Our current algorithm is primarily designed for ML developers/trainers who control the model training process. ML developers can integrate data value embedding into their training pipeline, and at the deployed stage, they can provide real-time attribution scores for any user queries. Such capability opens up many new possibilities, e.g., for model interpretability, model debugging, and developing fair compensation mechanisms for the current AI copyright debates where revenue can be distributed to data providers based on their measured contributions to model performance.
If we consider the scenario where a third party wants to analyze the training data influence, our method's applicability to closed-source scenarios depends on the level of access available:
(1) In scenarios with access to model checkpoints (white-box setting with access to model parameters), our method can potentially be adapted using the approach described in Section C.10 ("Approximating data value embeddings from checkpoints alone"). Specifically, we can compute gradients for each training point at each available checkpoint, assuming one gradient update step between checkpoints. While this approximation may not capture the fine-grained dynamics of the original training process, it still enables data attribution analysis when only checkpoint access is available.

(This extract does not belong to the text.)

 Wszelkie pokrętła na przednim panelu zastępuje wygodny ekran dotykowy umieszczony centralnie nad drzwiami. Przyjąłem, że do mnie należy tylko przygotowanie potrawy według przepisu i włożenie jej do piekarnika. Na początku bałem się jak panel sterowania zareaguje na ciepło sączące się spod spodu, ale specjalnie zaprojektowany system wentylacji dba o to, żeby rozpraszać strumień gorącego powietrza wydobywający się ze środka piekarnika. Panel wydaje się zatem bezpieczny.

(2) However, in a black-box setting where only API access is available, our current method is not directly applicable as it requires gradient information. In fact, this limitation is shared by most existing data attribution methods, including influence functions, which also require access to model weights. Currently, we are not aware of any (model-dependent) data attribution techniques that can work with only API access to the model. We agree with the reviewer that this is an interesting question! An interesting direction for future work would be extending our approach to this setting using zero-order optimization techniques, which could potentially enable data attribution in these highly restricted scenarios.
Dear Reviewer Sfva,
Thank you again for your positive assessment and valuable feedback on our work!

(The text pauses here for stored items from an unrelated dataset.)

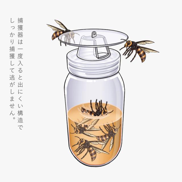 スズメバチが好む香りで誘引して液の発酵が進むにつれて誘引効果がアップします。
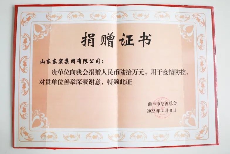 从筹备物资到慈善捐款,无不体现了东宏股份与曲阜市疫情防控共进退的决心和意志。未来,东宏股份将继续保持抗疫初心,冲在抗击疫情的最需要的地方,为疫情防控贡献东宏力量。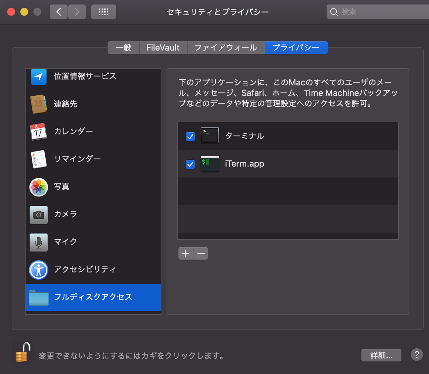 システム環境設定 > セキュリティとプライバシー > フルディスクアクセス にiTerm2 とターミナルを追加した。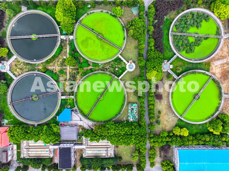 图片说明:2024年9月4日,俯瞰江苏省南京市江心洲污水处理厂。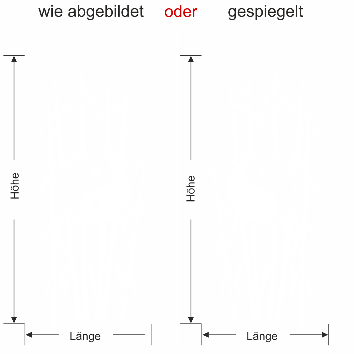 Objekt gespiegelt, Text wie abgebildet = Motiv/Text von außen geklebt und von außen lesbar, jedoch Motiv auf der anderen Seite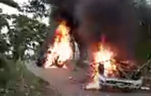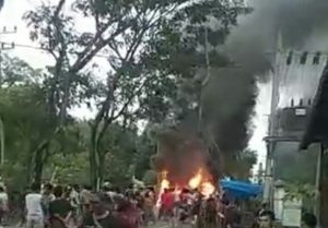 MASYARAKAT Desa Mompang Julu Kecamatan Panyabungan Utara, Kabupaten Mandailing Natal, yang melakukan aksi blokir jalan sejak Senin pagi (29/6) pagi hingga pukul 20.30 Wib telah mengakibatkan dua Unit Mobil, Septor dibakar massa dan hubungan Lalulintas masih macet total.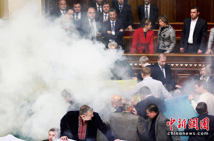 4月27日,基輔,烏克蘭議會(huì)就俄羅斯黑海艦隊(duì)駐扎問題進(jìn)行討論時(shí)出現(xiàn)混亂,數(shù)千人在議會(huì)外示威,會(huì)場(chǎng)內(nèi)有人投擲煙霧彈和雞蛋,大廳內(nèi)煙霧彌漫,場(chǎng)面一度混亂。

To follow up on your question about Data Value Embedding's use cases: while the method cannot be directly applied to closed-source models (just as other existing data attribution techniques), we believe its value for understanding training dynamics, data quality, and data influence remains significant. Our comprehensive experiments demonstrate this value through multiple analyses: studying training dynamics (Section 5.3), identifying influential training examples (Section 5.4), and detecting mislabeled data for targeted data selection (Appendix E.2.1). To further validate our method's practical usefulness, we have examined real-world examples from the Pile dataset that received the most negative influence scores from Data Value Embedding (examples are shown here and have been added to Appendix E.5). For instance, we identified code snippets containing mainly variable declarations or configuration settings that, while syntactically valid, provide minimal learning value and potentially introduce noise. We also found examples of text with poor formatting (missing punctuation and paragraph breaks) and mathematical problems with repetitive structures (frequently beginning with "What is...") that could bias the model's generation patterns.
These findings demonstrate that our method can identify not just mislabeled data, but also more diverse cases that could subtly degrade model performance. This complements our quantitative evaluation in Appendix E.2.1 and provides concrete evidence of how our method can identify bad data. We believe these examples provide valuable insights into the types of training data that might impede model learning.

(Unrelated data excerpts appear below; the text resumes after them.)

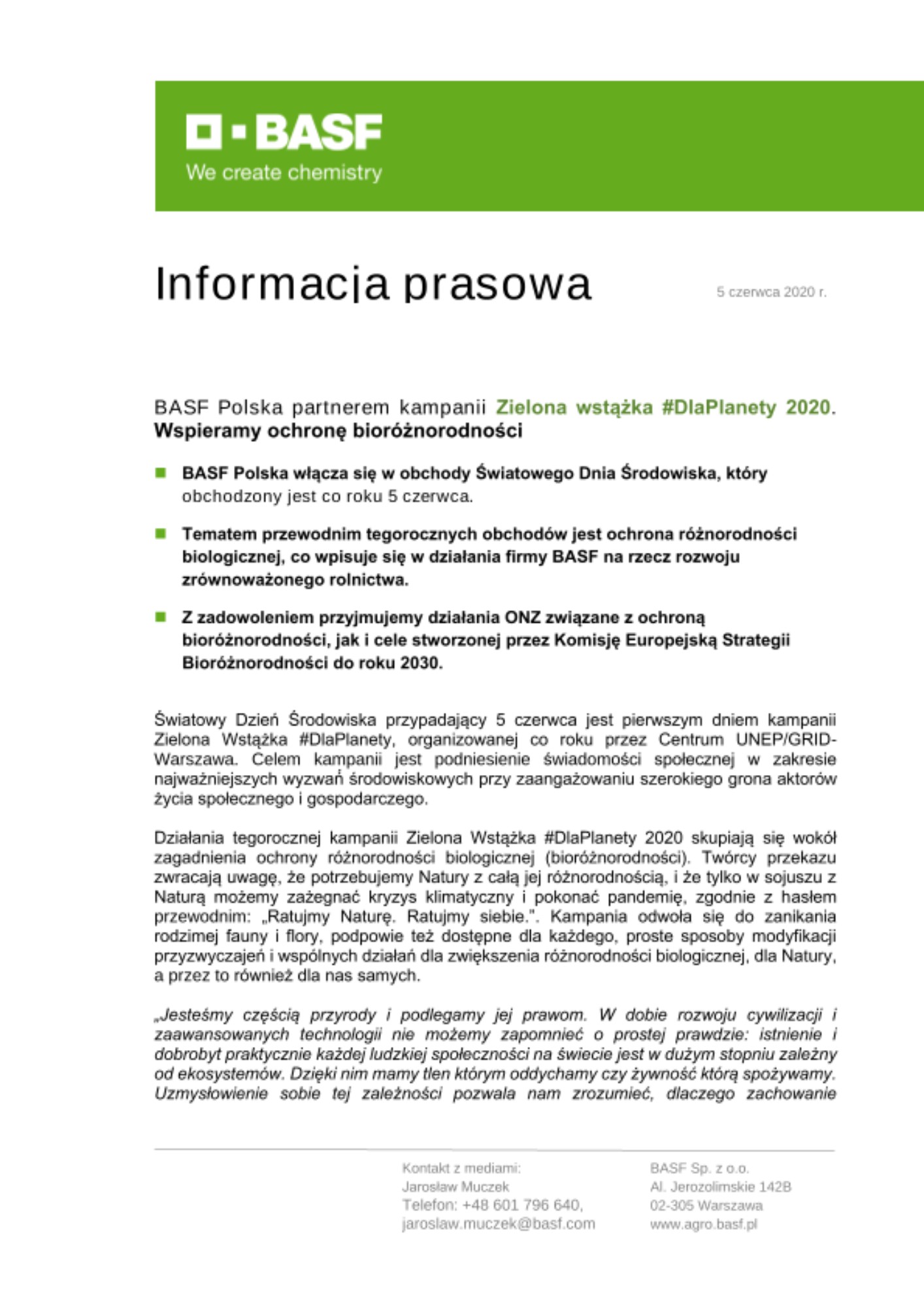 - BASF Polska włącza się w obchody Światowego Dnia Środowiska, który obchodzony jest co roku 5 czerwca.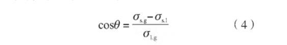 承托板在測試過程中與玻璃熔體產(chǎn)生直接接觸,承托板材質(zhì)首先要滿足測試溫度的要求,符合玻璃熔體測試溫度要求并易獲得的材質(zhì)有鉑銠合金、石英、剛玉和石墨。材料表面與玻璃熔體產(chǎn)生潤濕與非潤濕問題,潤濕能力由相鄰兩相的自由表面能決定,用表面張力的大小來表示[9]。當固體、液體和氣體三者之間相互作用力達到平衡時,就必須服從式(4):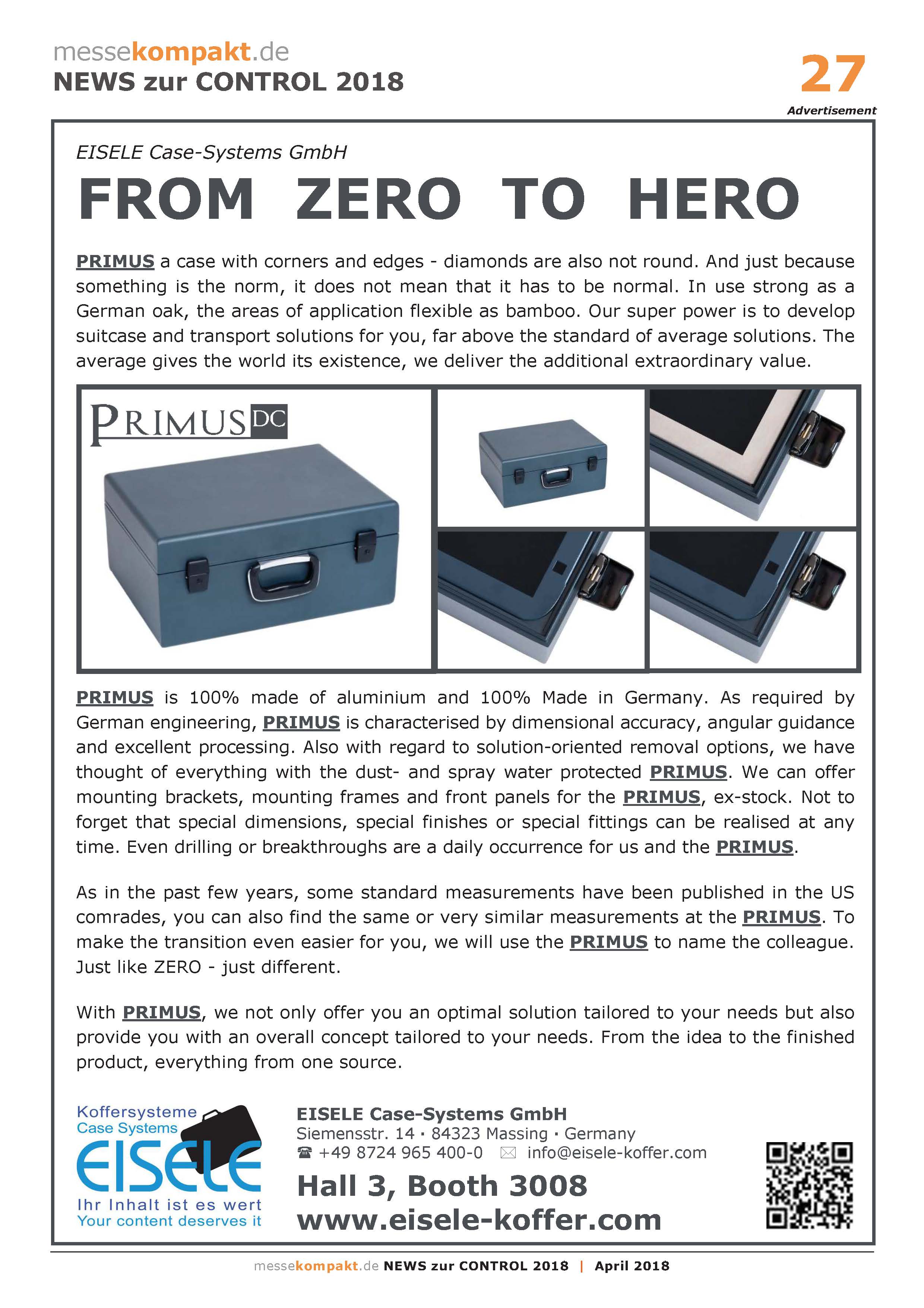Die Firma Eisele ist der Spezialist, wenn es um Koffer aus Aluminium geht. Egal ob Industriekoffer, Filmkoffer oder Waffenkoffer. Seit 1992 steht der Name Eisele für Produkte von höchster Innovativer Qualität im Bereich Schützen, Transportieren, Ver packen, Bewerben, Lagern und Präsentieren. Die Vollaluminium-Bauweise in der individuellen Fertigung verschiedener Koffersystemlösungen „Made in Germany“ ist ein Garant für Stabilität, Sicherheit, Leichtigkeit und ansprechendes Design. Darauf hat sich Eisele spezialisiert!

Thank you for your detailed response. I appreciate the effort put into addressing my primary concerns. As a result of these improvements, I have decided to revise my evaluation score upward.
Thank you so much for increasing the score! We are grateful for your feedback and very positive assessment of our work!
This paper develops computational tools to quantify the influences of individual data points in a training session, assuming the influences are sensitive to the data order. The authors formalize the idea of trajectory-specific leave-one-out error (TSLOO), accounting for the sequence of training data. To address the computational issue of TSLOO, authors propose an efficient approximation of TSLOO using Gauss-Newton approximation. By using this technique, authors reveal distinct sages of model training such as high-impact warmup phase, low-impact basin and gradual ascending and provide an explanation.
优点
Quantifying data influence is an important task and is crucial active sample selection. However, existing method, the influence function, does not care the order of samples' arrival, making it unsuitable for vast majority of stochastic algorithms. This paper address an important research gap.
This paper is mostly well-written. The mathematical ideas and their intuitions are clearly presented and is easy to understand.
The discovery of stages of sample influence is potentially a significant contribution to the wider machine learning community. It reveals how SGD utilize each individual sample at different stages of the training and highlights the importance of selecting data at the right time.
缺点
Probably due to the lack of a dedicated related work section, it is not clear where does the authors' contribution begin. For example, has TSLOO been studied before or is it a novel concept proposed by the authors? In Section 2, the first paragraph seems to suggest that this is authors' proposal. However, a later sentence says, "while the technique of unrolled differentiation Hara et al., 2019 explicitly aims to approximate TSLOO ..." It seems the idea of TSLOO already exists in earlier works. If this is true, authors should cite existing works when introducing TSLOO at the beginning of Section 2.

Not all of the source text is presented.